Several months ago I tried an experiment. I had been posting on comment boards under the name Bobbi with a female avatar. Whenever I posted in this manner my comments were met with vile, and at times vulgar, replies from men and women. The comments were unimaginably disrespectful and demeaning to me as a woman from both sexes who replied. After several weeks I began posting comments as Bob and changed the avatar to a neutral one. Suddenly I was brilliant. I still had angry posts from other men and some women but they were much more respectful than what I had received in the past. It wasn’t that I changed the way I posted or the words I would use. All remained the same and yet I was more respected by others, especially those who agreed with me. I have to say I haven’t returned to the female avatar.

From time to time I’ll have a person who vehemently disagrees with me, go to my profile and see that I am a woman after all. Strangely enough, they are taken aback that they’ve been arguing with a woman as if she was a man. I’m surprised at their sudden respect they hadn’t shown when I was overtly female or covertly neuter, assumed to be male. It proved to me that there are instant assumptions made when a person sees who is posting, their particular gender, rather than what is being said.

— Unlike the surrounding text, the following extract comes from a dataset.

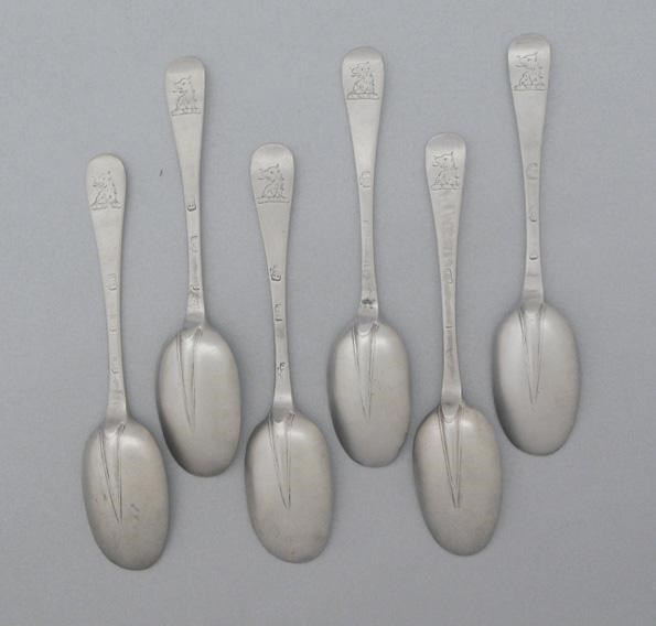 A set of six George I provincial Hanoverian table spoons, crested with thread bordered rat tails, maker's mark only, BB crowned struck thrice, possibly for Benjamin Brancker, Liverpool, 10oz. (6)

Once the man is sure he’s met his match in another Alpha-male he gives the respect that is deserved while finding a way to sink their teeth into the jugular. And, even after they have learned I’m not the Alpha-male, the respect of a warrior in battle remains once they learn they were bested by a ‘girl’. I can only laugh.

Regardless of the lack of respect I receive as being a member of the ‘weaker sex,’ I am a woman and I enjoy being a woman. I’m tired of men being concerned about what I do with my body and I’m tired of my opinion being minimized because I don’t have as much testosterone as they. Yet, I enjoy being capable of thinking like a man while still enjoying the perks I’ve had in my life, of the ability to carry a baby inside of me. I also enjoy the good fight to try and bring a greater awareness to those who are still hung up on women asking for permission to use their bodies as it was meant to be used, and for the ability drop the aspirin from between our knees and tell the man it’s his turn.